The safes hold things much more important that wills, or jewelry. They possess things much more finite and destructible than birth certificates, or social security cards. They possess our very essence. They hold our souls. It is at some point in our “golden years” than the safe is ultimately unlocked. Sometimes it is because there is no longer a need to guard and protect who we really are. We have paid our dues. We have completed the task. Other times, it is because our brains have exceeded the maximum amount of storage available, and things that should be locked in this safe just have to come out. The end of our lives is an interesting journey to say the least. It is like the end of the roller coaster when you are pulling in to the loading dock with the adrenaline still buzzing through your body, and a thin spray of sweat on your face. You get that thought of “Good, God, I can’t believe I made it”, and euphoria ensues.

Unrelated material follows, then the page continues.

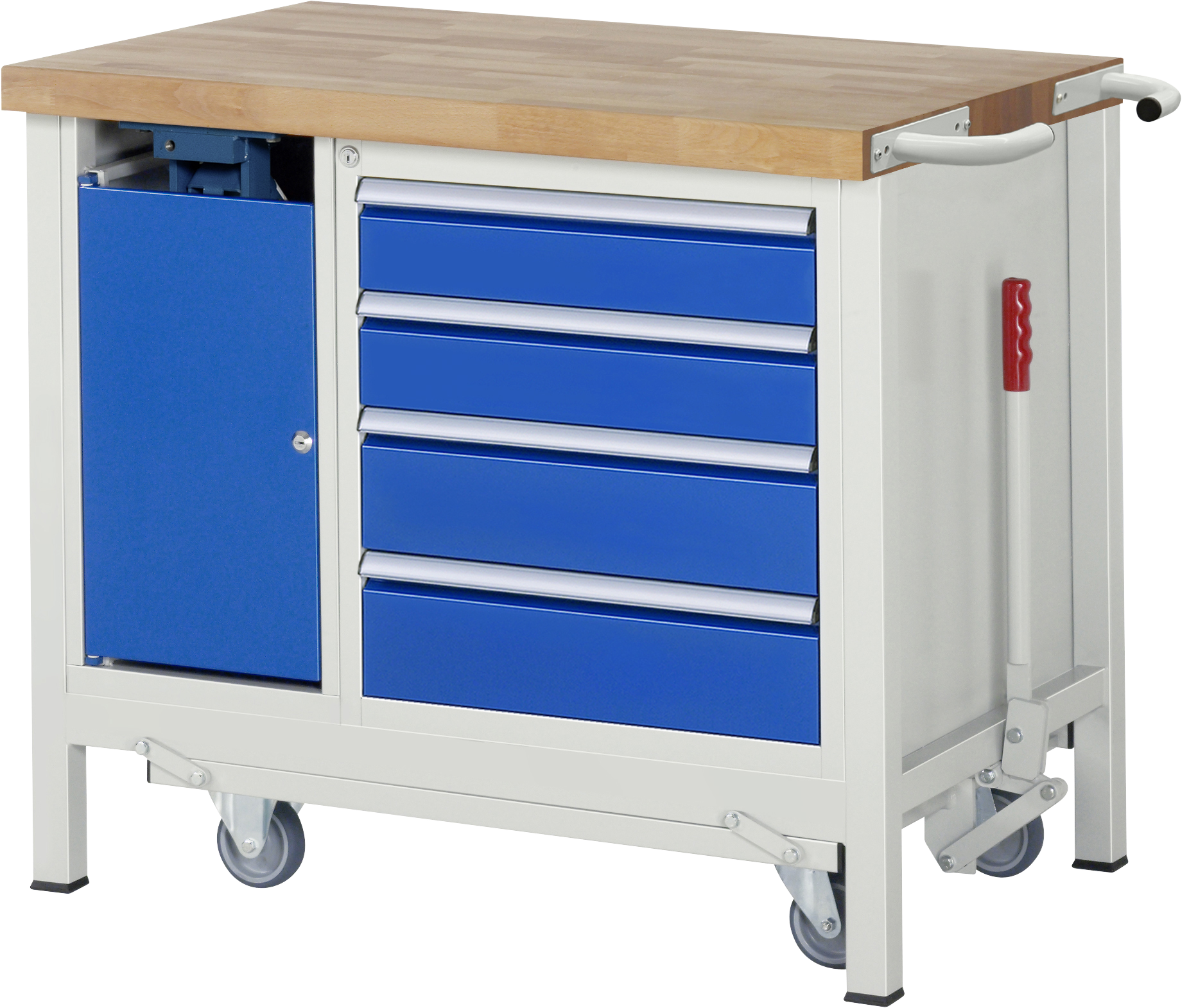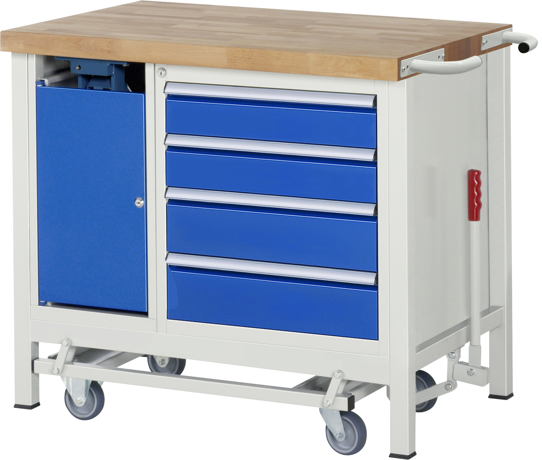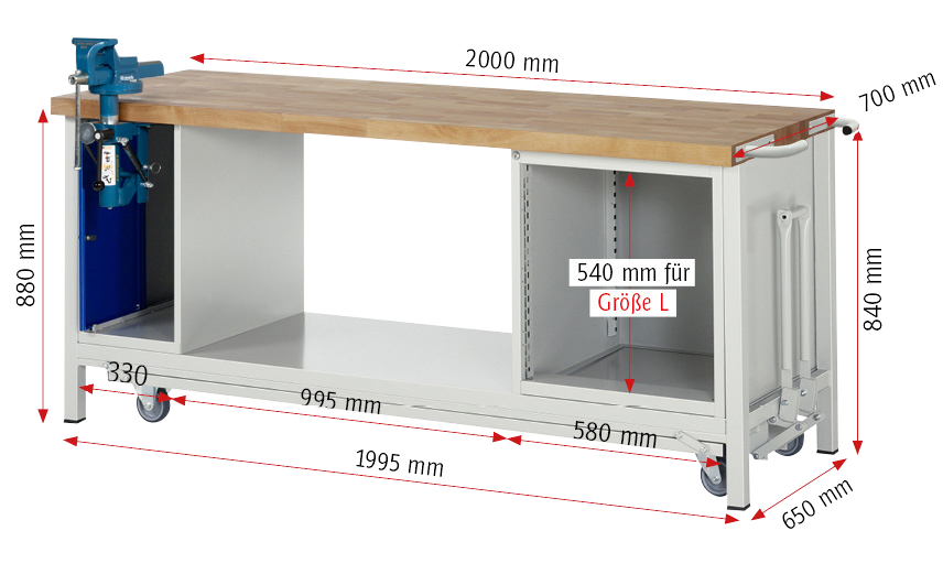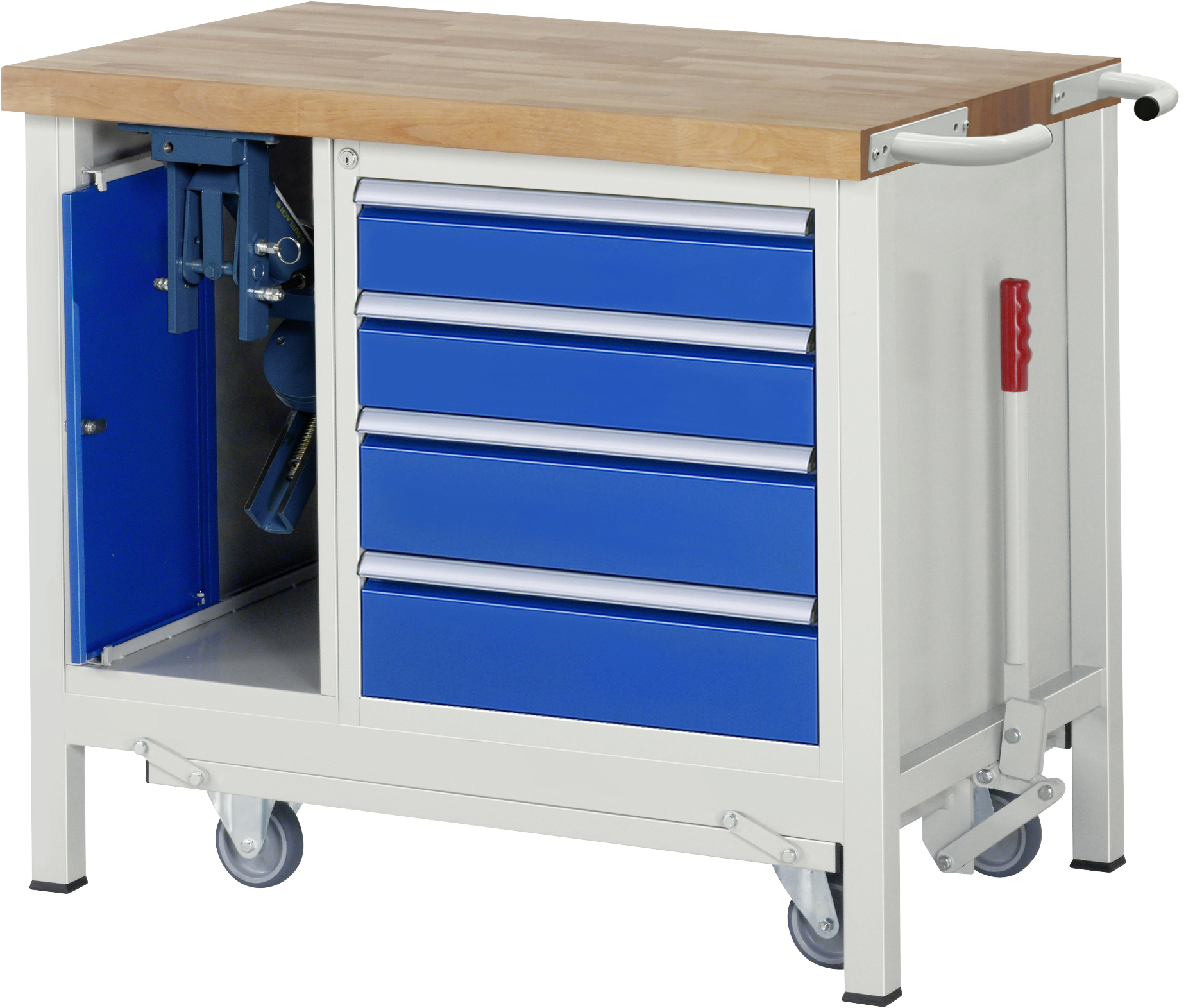 - 1 x Einschiebetür, dahinter 1xSchraubstock (Backenbreite 120mm) mit Klapplift.

So, when it is that these safes are opened in the final days, and all the Who You Really Are-s get together in two room units setting mere feet away from each other…and they all are still coming off that buzz from the ride, essentially what has happened is all the thoughts, hopes, feelings, and dreams you locked down in your adolescence come flooding together with those of one hundred other people. The only way to describe this is sad, but true: You finish out your days living as an adolescent in high school. There are popular clicks and nerd clicks. There are tables you can and can not sit with at lunch. There are crushes on the “New Guy”. There is competition to see who can have the baddest-ass Rascal Scooter. There is gossip to make high school look like a convent. There is love. There is SEX (believe me…more than you could ever imagine). There is competition for status. We end our days somehow, (magically), in the place where they were the most intriguing.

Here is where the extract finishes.